Коллекция. Оседлавшие бурю

Полная версия

Коллекция. Оседлавшие бурю

Настройки чтения
Размер шрифта
Высота строк
Поля
На страницу:
5 из 7

– Диего!

Я вдруг понял, что тоже стою, опустив голову, и на моем лице тоже сложилась скорбная гримаса, и это продолжается уже некоторое время. Крик дяди выдернул меня из этого состояния. Я стал пробираться в сторону этого крика, одновременно в мою душу возвращались краски – дядя был жив. А значит, все было в порядке.

– Диего!

– Дядя!

Я увидел его через строй и прорвался за передний край. Это был дядя Гарсия. Он был без шляпы, с пораненной левой рукой и царапиной на лице, а также с сапогами, заляпанными кровью.

– Жив, сынок?

– Так точно, дядя!

На его губах появилась улыбка очень уставшего человека. Он бросил взгляд на строй, задержал его на знаменах, а затем немного неловко спешился и протянул мне бархатную сумку.

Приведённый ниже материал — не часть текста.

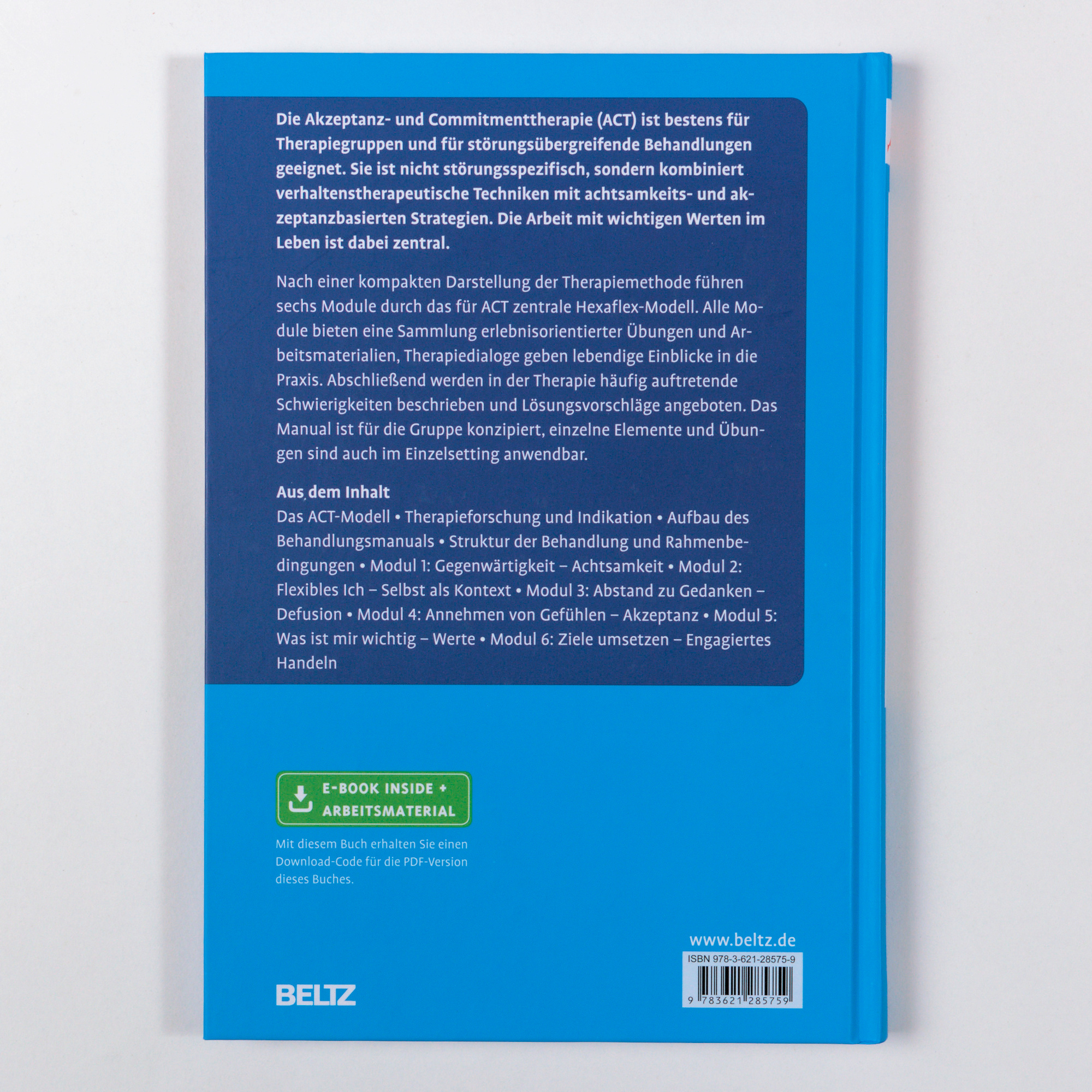 Dieses bislang einzige Gruppenmanual zu ACT bietet eine kompakte theoretische Einführung in diese Therapiemethode und gliedert sich in sechs Module, die sich an dem für ACT zentralen Hexaflex-Modell orientieren. Zu jedem Modul gibt es erlebnisorientierte Übungen und Arbeitsmaterialien, auch werden häufig auftretende Schwierigkeiten in der Therapie mit Lösungsvorschlägen beschrieben. Das Manual ist für die Gruppe konzipiert, einzelne Elemente und Übungen sind auch im Einzelsetting einsetzbar.

– Храни так надежно, как только можешь.

Я принял увесистую сумку и несколько мгновений смотрел на нее. А мы ведь здесь именно за ней. Нас ведь вообще не должно быть здесь. Будто вторя моим мыслям, дядя сказал:

– Теперь садись в седло и скачи, как можно быстрее.

Я поднял на него взгляд. Его лицо было обрамлено серо-зелеными полями и серым небом.

– А вы?

Он отвел взгляд, будто бы стесняясь меня.

– Синьор Фаджиано погиб. Дон де Мело либо погиб, либо вынужден отступить. Мы разгромлены на обоих флангах. Все, что у нас осталось, это терции и те, кто предпочтет бегству бой. Если бы мы побеждали, я бы без колебаний покинул поле боя. Но теперь…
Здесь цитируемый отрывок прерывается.